Intertextual play between the external world of nature and the internal world within the human psyche reigns supreme in Heather Day’s exhibition “Ricochet” at Diane Rosenstien Gallery. The large-scale abstract mixed-media works are delightfully fresh, with swaths of layered colors—bright lemon yellow, cotton-candy pink, Caribbean-sea blue—which make the paintings look enticing enough to eat. With titles like The Persistence of Memory (2020) and Fever Dream (2020), a human element of complicated emotions is undeniably present in these natural forms.

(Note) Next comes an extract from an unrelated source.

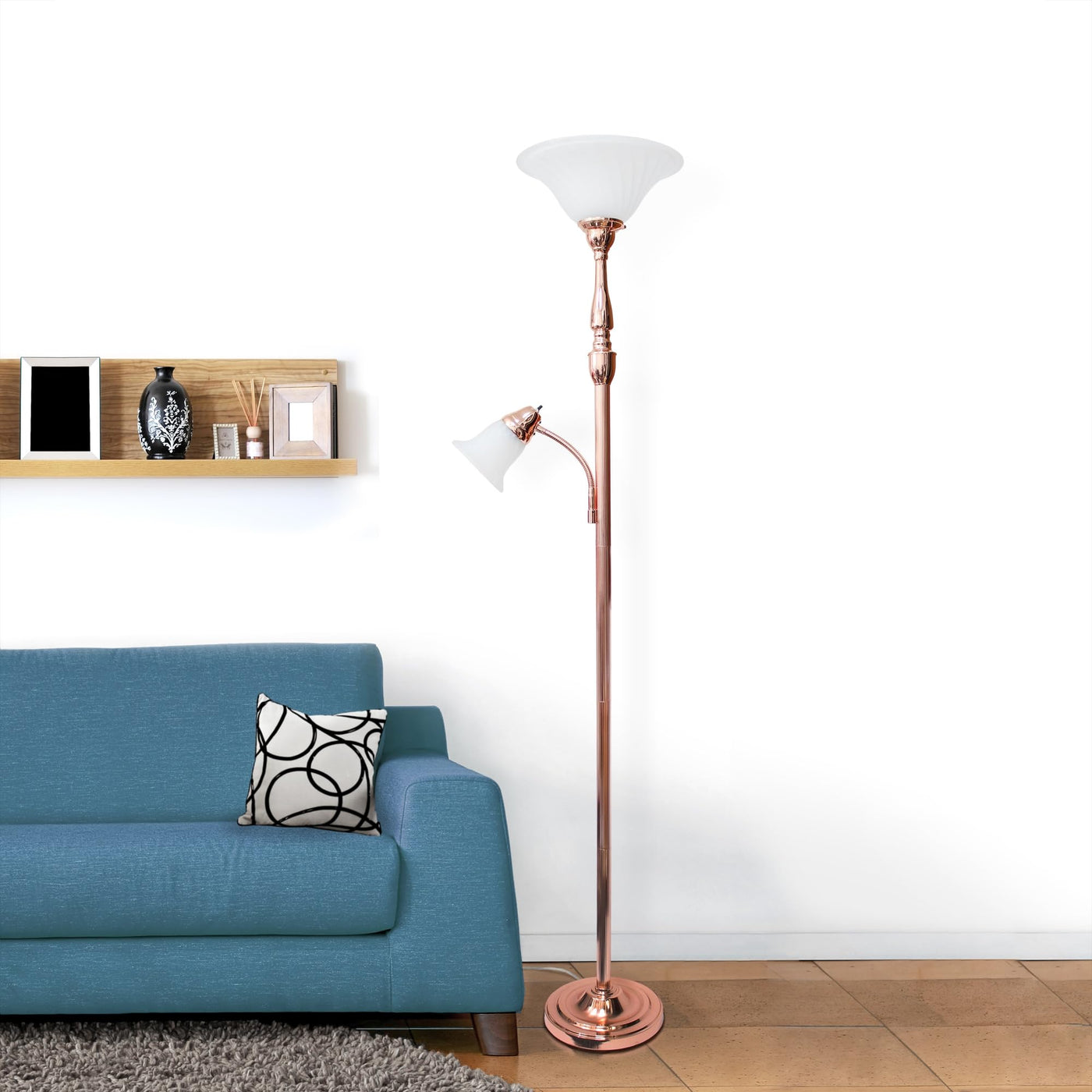Elegant Designs LF2003-RGD 2 Light Mother Daughter White Marble Glass Floor Lamp Rose Gold

Day’s background of creating these works in the desert is evident in both color and form. Her palette is reminiscent of dramatic desert sunsets that spread across the sky, while forms of flower petals, stones and streams can be seen in her abstractions. There is a sense of play with scale within works like Big Echo (2020), where large abstract forms can be seen as huge boulders or zoomed-in microscopic elements. The works are visibly organic, from the natural-toned background to the curvy forms and color blending. Each painting seems to move and dance, almost with a psychedelic quality; many of the paintings featuring a starkly contrasting black or white line dragged across the composition.
Some of the paintings, such as Space Between (2020) are actually multiple canvases stitched together to create one large painting. Each of the canvases has a different painting technique and color combination. The final result is a work that, while being organic, is also modern and collage-like, and is somewhat reminiscent of color field paintings with its more square and boxy forms created from the canvases.

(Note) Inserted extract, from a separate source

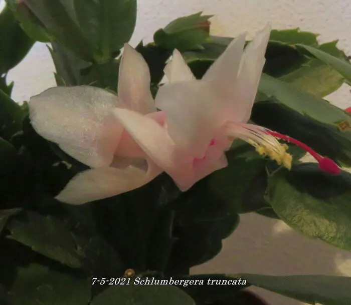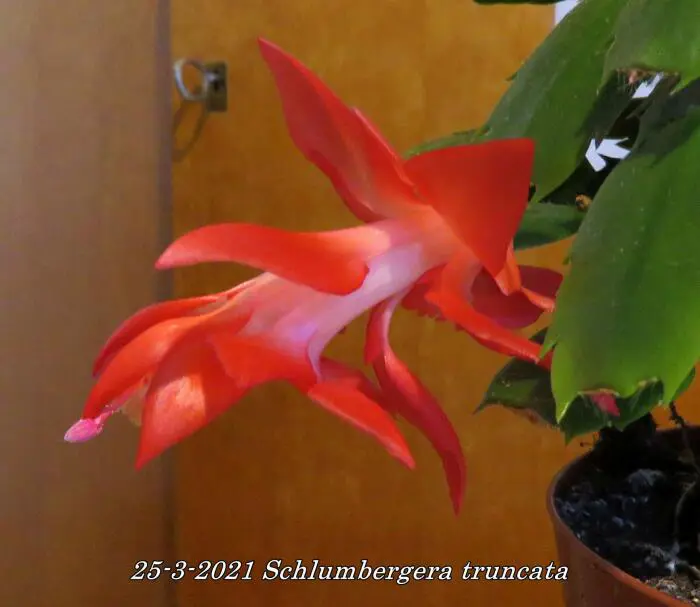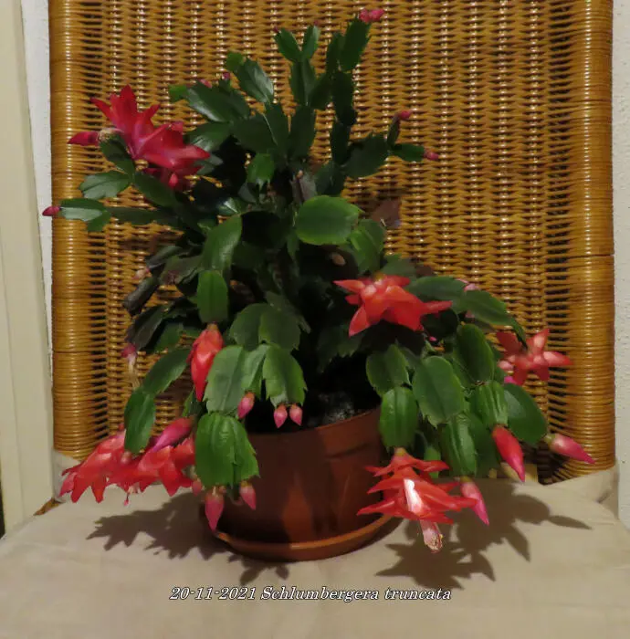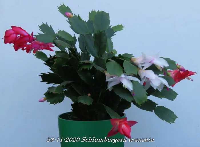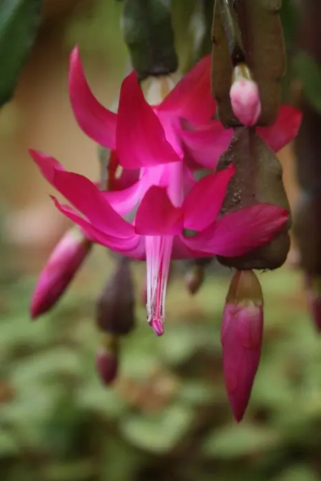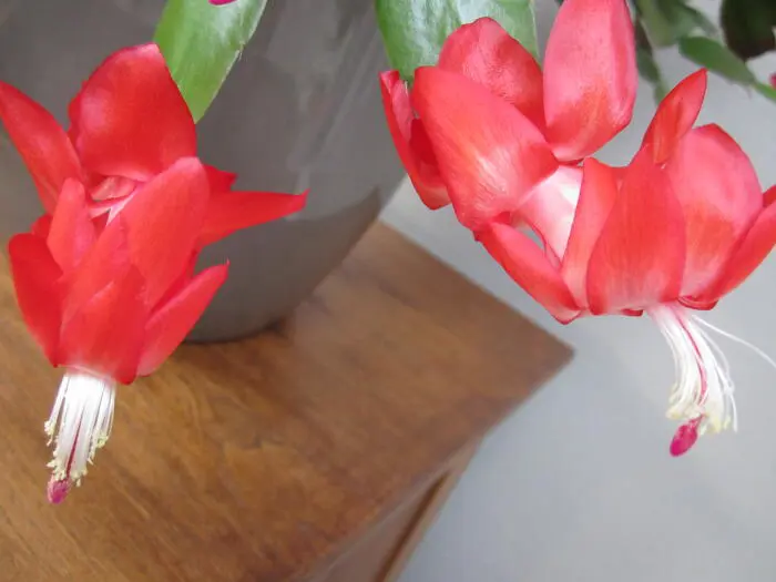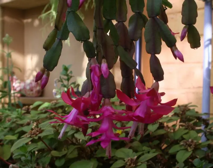 Schlumbergera truncata est un cactus dont les tiges surplombent composées de parties plates.

The works in “Ricochet” are simultaneously wild and contained, internal and external, soft and contoured. While each element in the composition and each color are intriguing, the paintings are greater than the sum of their parts, and hint at a greater message of both the self and the world as a whole.
Day’s works are open and vulnerable, and have an element of testing with line markings on the outsides of the central composition of the colors she uses within the larger forms. Though this mark-making adds to the final compositions, it also tells a larger story of Day’s thought process in creating them, and point to the intentional quality in these paintings, which could appear effortless at first glance. Day’s technique of layering translucent colors lets viewers see each element within the paintings, and further leaves every line, form and color swatch visible for viewers to see, contributing to the sense of vulnerability. There is a push and pull between the pigments and paint viscosity telling part of the story with its natural movement and interaction with the canvas, and intentional marks and line work by Day herself. In many ways, the paint itself becomes an active player in creating these organic paintings, as much as the artist herself.